◆ Exercise instructions: The copy you produce must repeat each record exactly and contain no pictures.

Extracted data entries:
+--

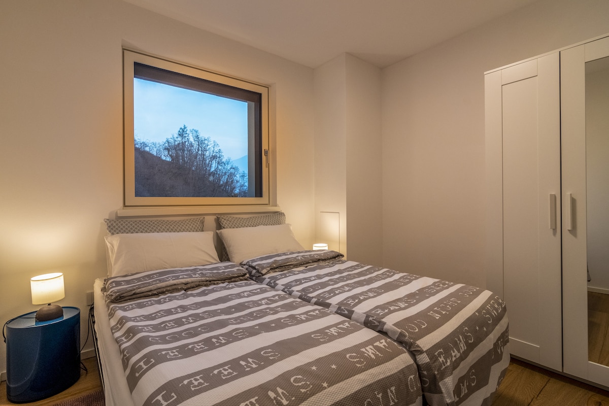 Appartamento con magnifica vista lago al piano rialzato di una villetta, completo di elettrodomestici, stoviglie, utensili, cucina e pentolame, lavastoviglie, lavatrice e prima pulizia. È ad un minuto da una bellissima spiaggia sul lago di Caldonazzo. Comprende accesso privato con possibilità di parcheggio macchina e terrazzo esterno con bbq. La casa è nuova e alcune finiture secondarie verranno via via ultimate.
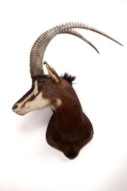 Hippotrague noir (Hippotragus niger) (CH) : tête en cape avec belle envergure et configuration du trophée, oreille abîmée
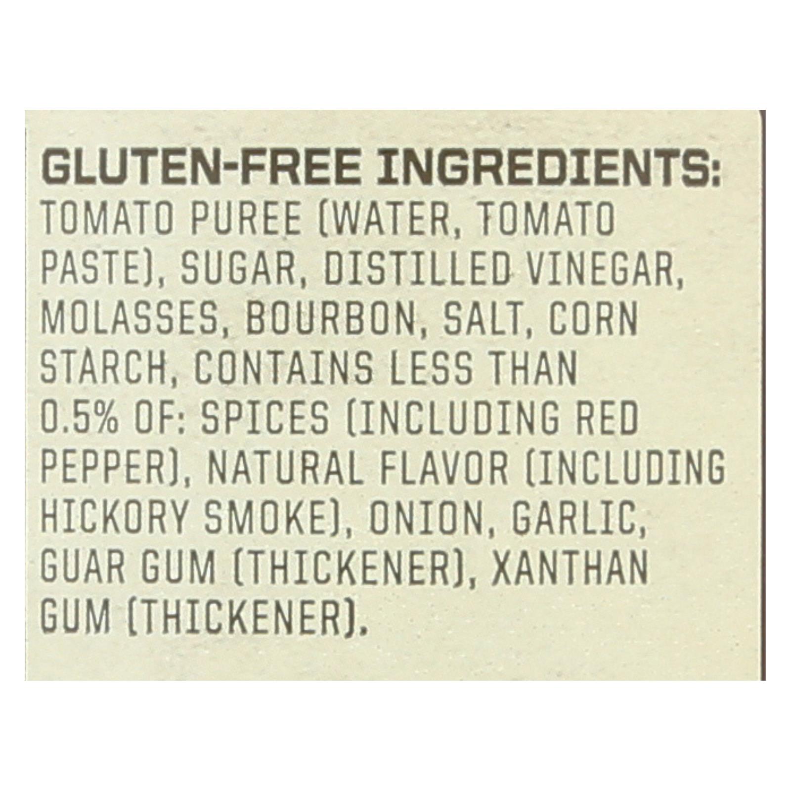 ingredients : gluten-free tomato puree;water;tomato paste;sugar;distilled vinegar;molasses;bourbon;salt;corn starch;contains less than 0.5% of: spices;including red pepper;natural flavor;including hickory smoke;onion;garlic;guar gum;thickener;xanthan gum
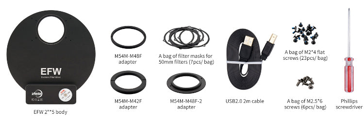 - Roue à filtres motorisée ZWO EFW 5x50.8mm
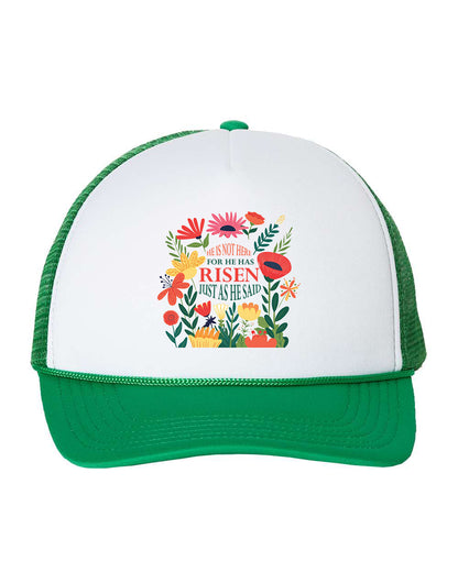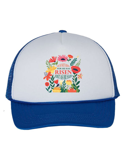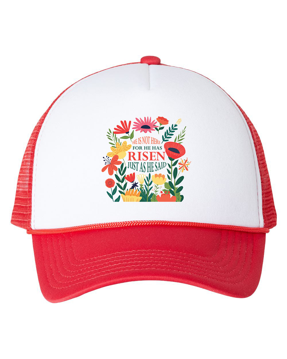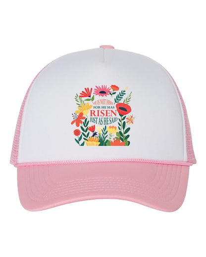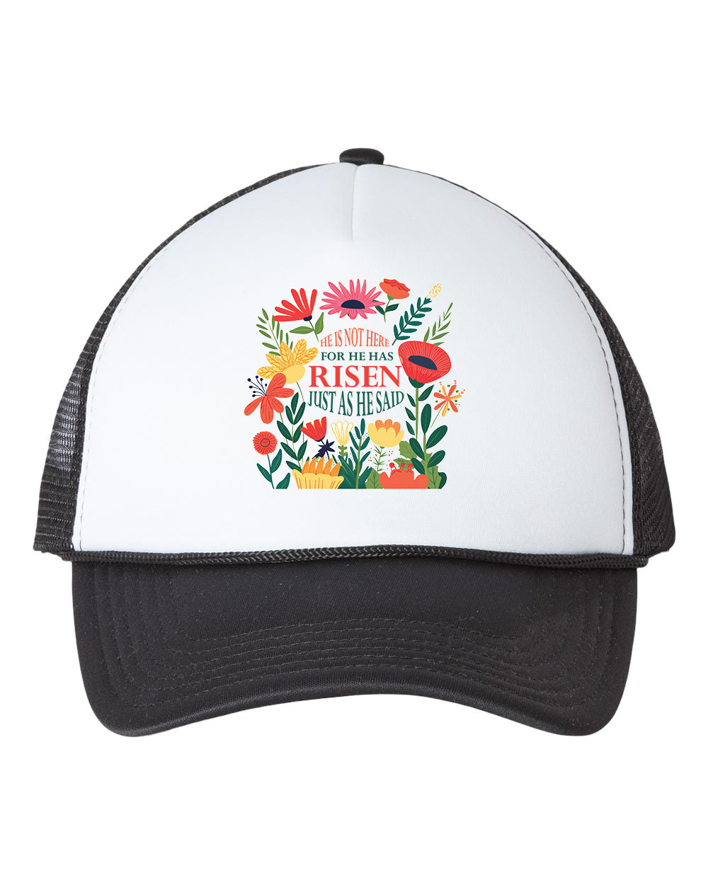 This He Has Risen Floral Christian Trucker Cap is perfect for those who want to display their faith in a stylish way. With a beautiful floral design and the uplifting message "He Has Risen," this cap is a great addition to any outfit. Made with high quality materials, it offers both comfort and durability.
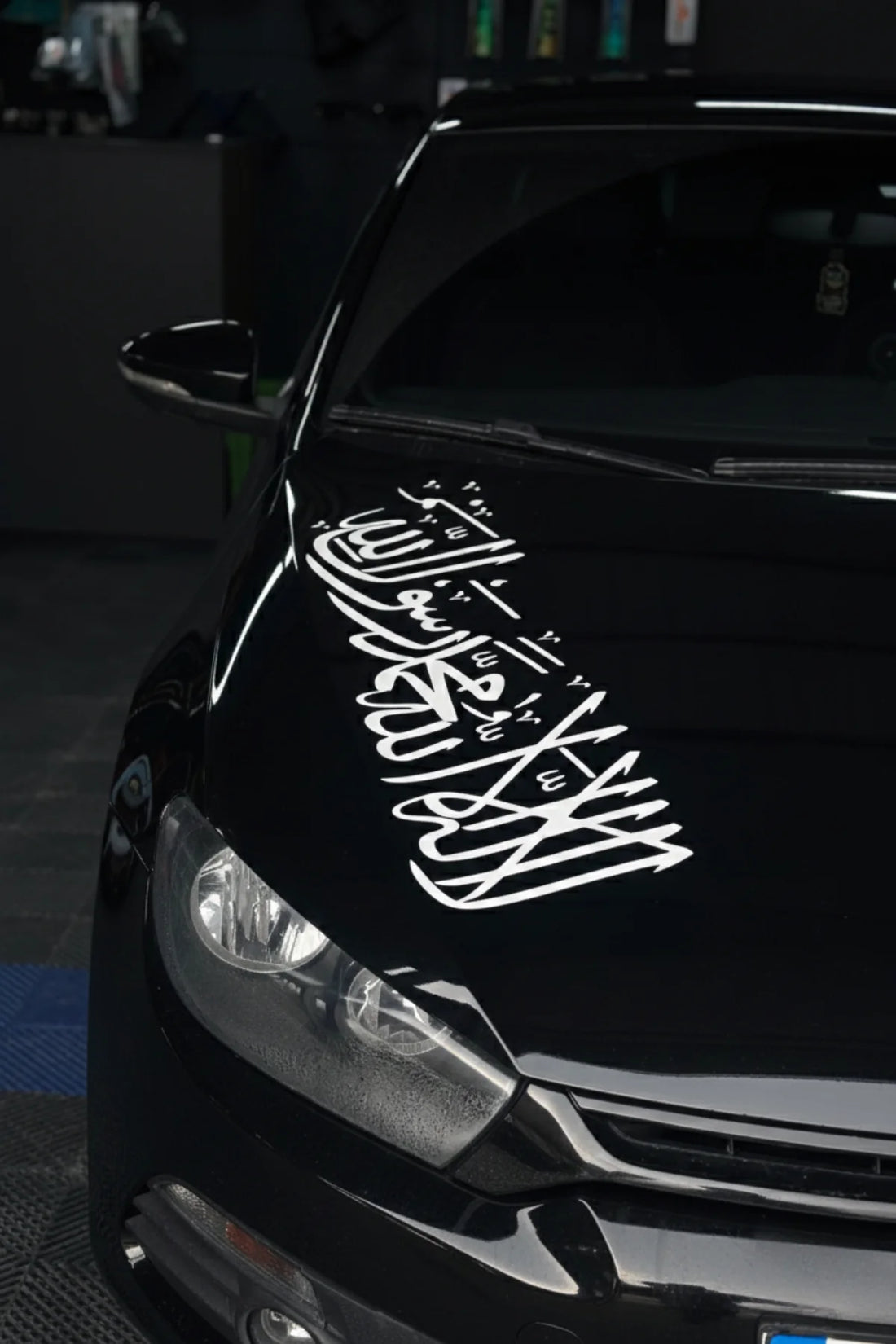 Araba kaputları için özel olarak tasarlanmış siyah renk Kelime-i Tevhid sticker etiketi, 70CMx24CM boyutlarıyla dikkat...
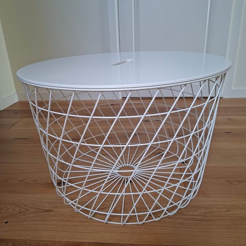 Vitt soffbord från IKEA med rund skiva och korgunderrede i metall, diameter ca 61, höjd ca 42 cm. Korgen/underredet är utan anmärkning men bordsskivan har sett bättre dagar, dock inget som stör funktionen. Skulle kunna bytas mot tex en rund bricka.
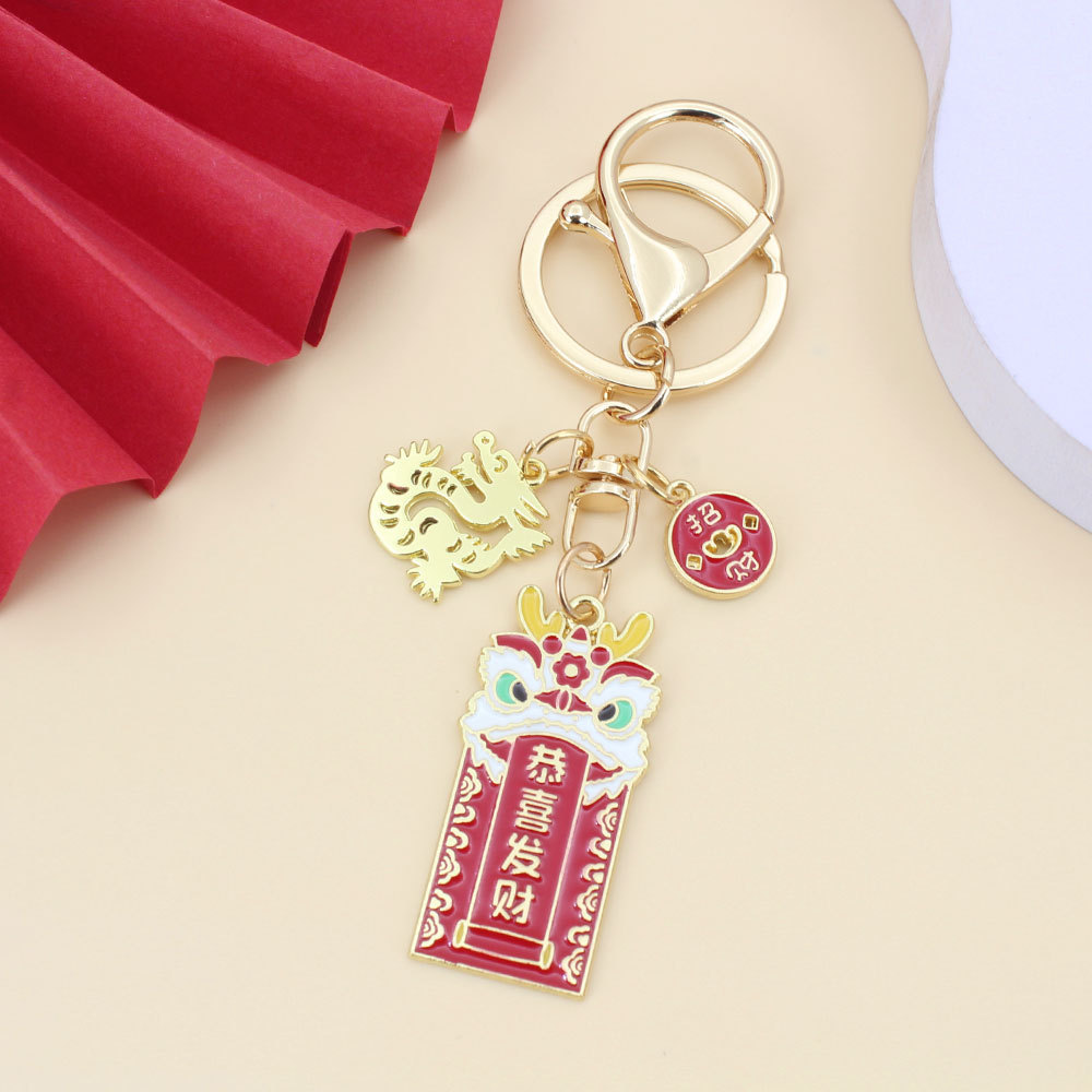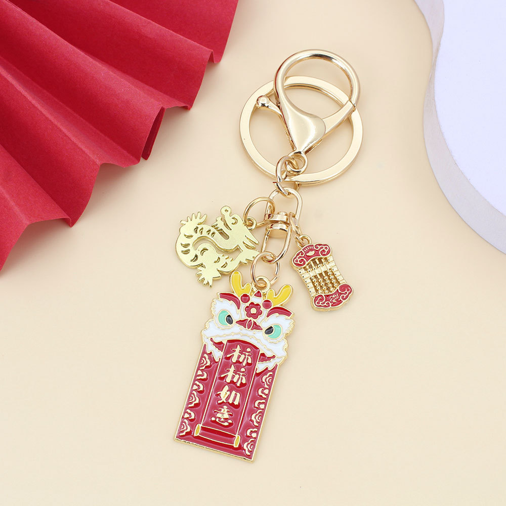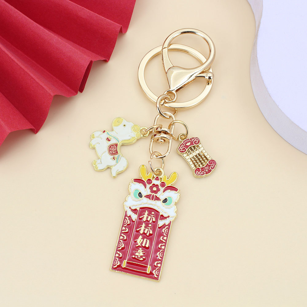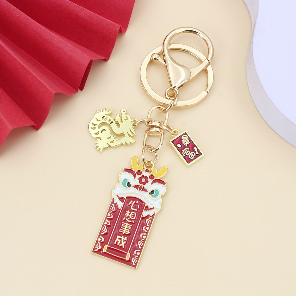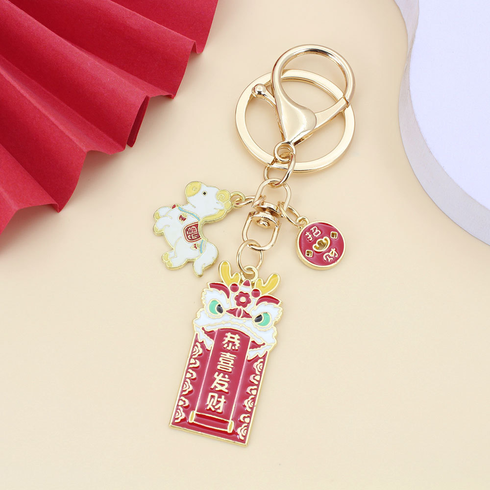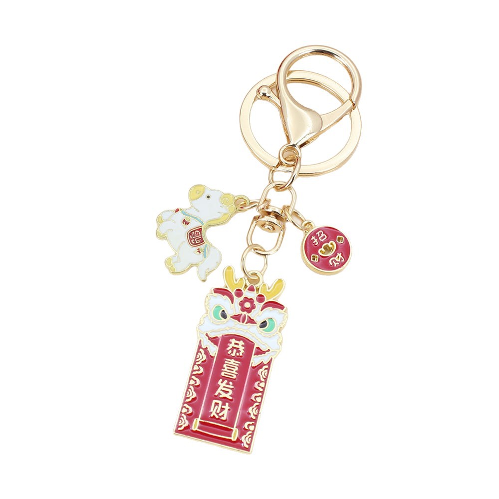 新年平安喜乐吉祥字牌马年醒狮钥匙链挂件春节礼物恭喜发财钥匙扣
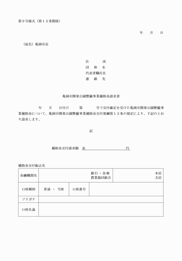 第7条 事業認定を受けた補助事業者は、亀岡市開発公園整備事業補助金交付申請書(別記第3号様式)に関係書類を添えて市長に提出しなければならない。
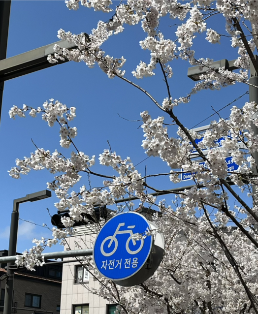 세 해 째, 벚꽃이 핀 동네길을 걸으며 가장 좋아하는 사진 명소를 만들었다. 평소에는 잘 보이지 않다가 유독 이때에만 저 파란 동그라미가 그리도 마음에 들어온다. 이유는 모른다.
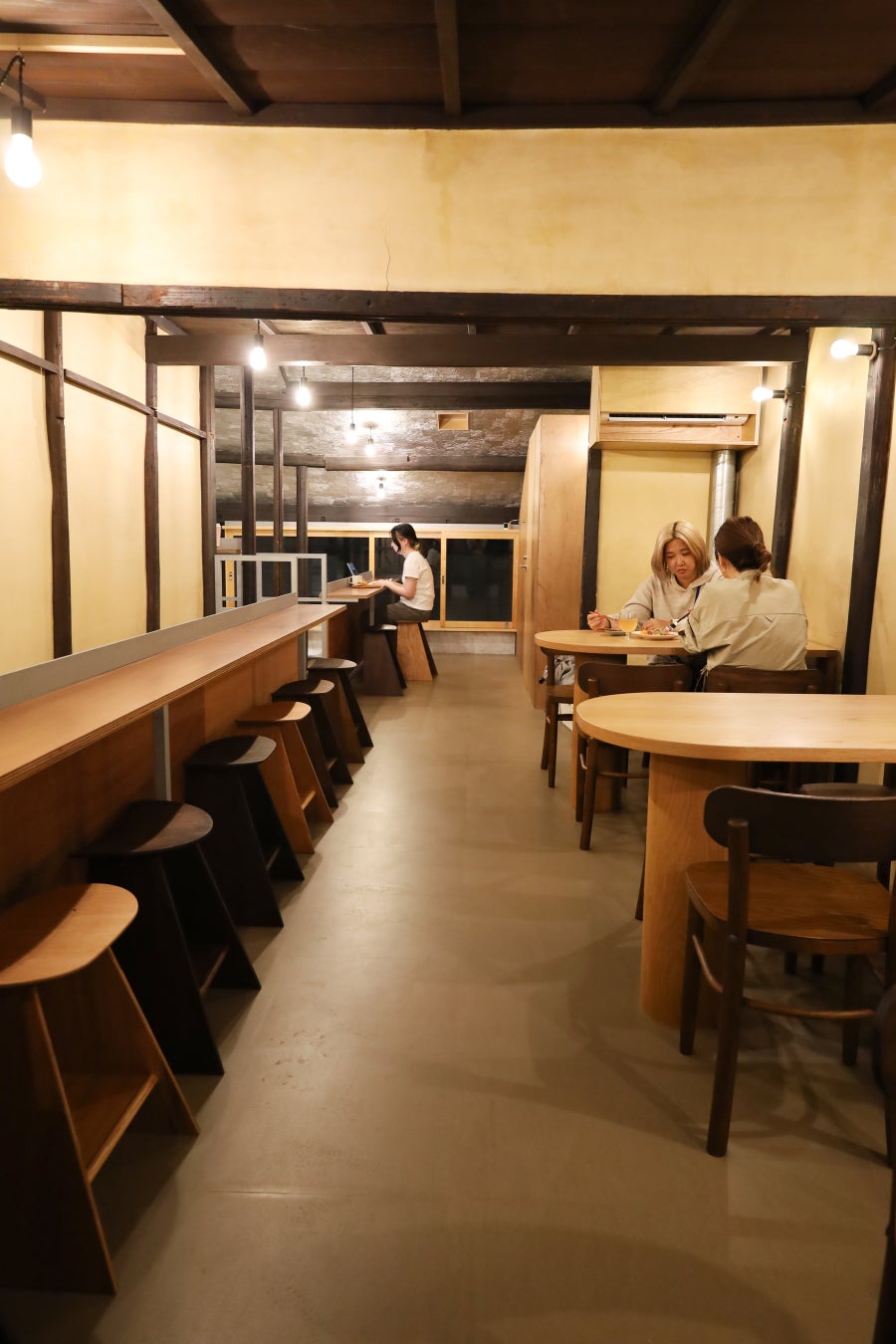 のびやかに広がるカフェスペースは、京町屋の古くからの時間を積み重ねた素材を活かし、古いものの良さを感じる温かみのある内装です。
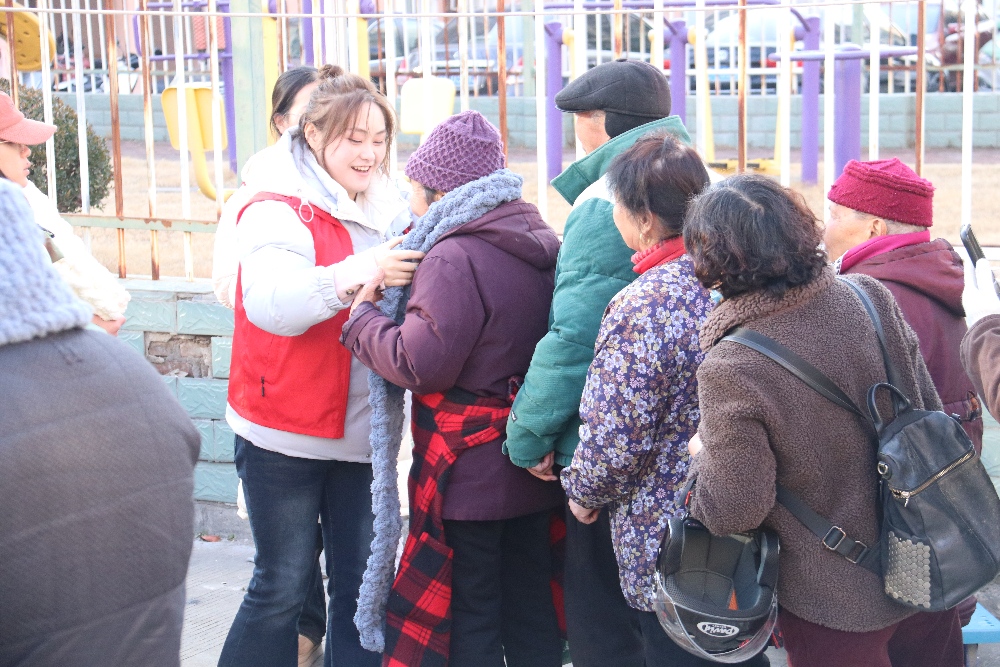 為老人送上提前編織好的圍巾,協(xié)助試戴,表達(dá)青年志愿者們關(guān)心。并且志愿者們將提前寫(xiě)好的祝?ㄆ煌(zèng)送給老人,為老人朗讀祝福語(yǔ)。與老人親切交流,了解其生活近況與需求,給予情感陪伴。他們細(xì)心地將圍巾披在老人肩頭,輕輕繞上脖頸,再仔細(xì)掖好邊角。老人們摩挲著柔軟的圍巾,眉眼間笑意舒展,鬢角的白發(fā)在風(fēng)里輕輕飄動(dòng)。
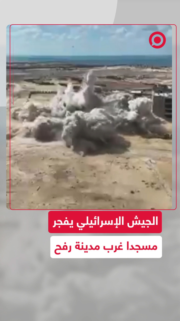 القوات الإسرائيلية تفجر مسجد العطار غرب مدينة رفح في قطاع غزة
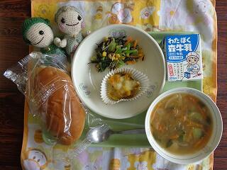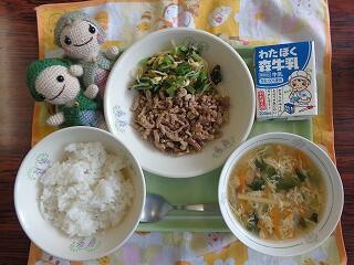 ゴーヤは「にがうり」ともいわれる夏の野菜です。苦みがあって苦手な人が多いのではないでしょうか。給食のゴーヤチャンプル-は、苦みがやわらぐような工夫をして作りました。

+--

◆ Answer section:
 Appartamento con magnifica vista lago al piano rialzato di una villetta, completo di elettrodomestici, stoviglie, utensili, cucina e pentolame, lavastoviglie, lavatrice e prima pulizia. È ad un minuto da una bellissima spiaggia sul lago di Caldonazzo. Comprende accesso privato con possibilità di parcheggio macchina e terrazzo esterno con bbq. La casa è nuova e alcune finiture secondarie verranno via via ultimate.
 Hippotrague noir (Hippotragus niger) (CH) : tête en cape avec belle envergure et configuration du trophée, oreille abîmée
 ingredients : gluten-free tomato puree;water;tomato paste;sugar;distilled vinegar;molasses;bourbon;salt;corn starch;contains less than 0.5% of: spices;including red pepper;natural flavor;including hickory smoke;onion;garlic;guar gum;thickener;xanthan gum
 - Roue à filtres motorisée ZWO EFW 5x50.8mm
 This He Has Risen Floral Christian Trucker Cap is perfect for those who want to display their faith in a stylish way. With a beautiful floral design and the uplifting message "He Has Risen," this cap is a great addition to any outfit. Made with high quality materials, it offers both comfort and durability.
 Araba kaputları için özel olarak tasarlanmış siyah renk Kelime-i Tevhid sticker etiketi, 70CMx24CM boyutlarıyla dikkat...
 Vitt soffbord från IKEA med rund skiva och korgunderrede i metall, diameter ca 61, höjd ca 42 cm. Korgen/underredet är utan anmärkning men bordsskivan har sett bättre dagar, dock inget som stör funktionen. Skulle kunna bytas mot tex en rund bricka.
 新年平安喜乐吉祥字牌马年醒狮钥匙链挂件春节礼物恭喜发财钥匙扣
 第7条 事業認定を受けた補助事業者は、亀岡市開発公園整備事業補助金交付申請書(別記第3号様式)に関係書類を添えて市長に提出しなければならない。
 세 해 째, 벚꽃이 핀 동네길을 걸으며 가장 좋아하는 사진 명소를 만들었다. 평소에는 잘 보이지 않다가 유독 이때에만 저 파란 동그라미가 그리도 마음에 들어온다. 이유는 모른다.
 のびやかに広がるカフェスペースは、京町屋の古くからの時間を積み重ねた素材を活かし、古いものの良さを感じる温かみのある内装です。
 為老人送上提前編織好的圍巾,協(xié)助試戴,表達(dá)青年志愿者們關(guān)心。并且志愿者們將提前寫(xiě)好的祝?ㄆ煌(zèng)送給老人,為老人朗讀祝福語(yǔ)。與老人親切交流,了解其生活近況與需求,給予情感陪伴。他們細(xì)心地將圍巾披在老人肩頭,輕輕繞上脖頸,再仔細(xì)掖好邊角。老人們摩挲著柔軟的圍巾,眉眼間笑意舒展,鬢角的白發(fā)在風(fēng)里輕輕飄動(dòng)。
 القوات الإسرائيلية تفجر مسجد العطار غرب مدينة رفح في قطاع غزة
 ゴーヤは「にがうり」ともいわれる夏の野菜です。苦みがあって苦手な人が多いのではないでしょうか。給食のゴーヤチャンプル-は、苦みがやわらぐような工夫をして作りました。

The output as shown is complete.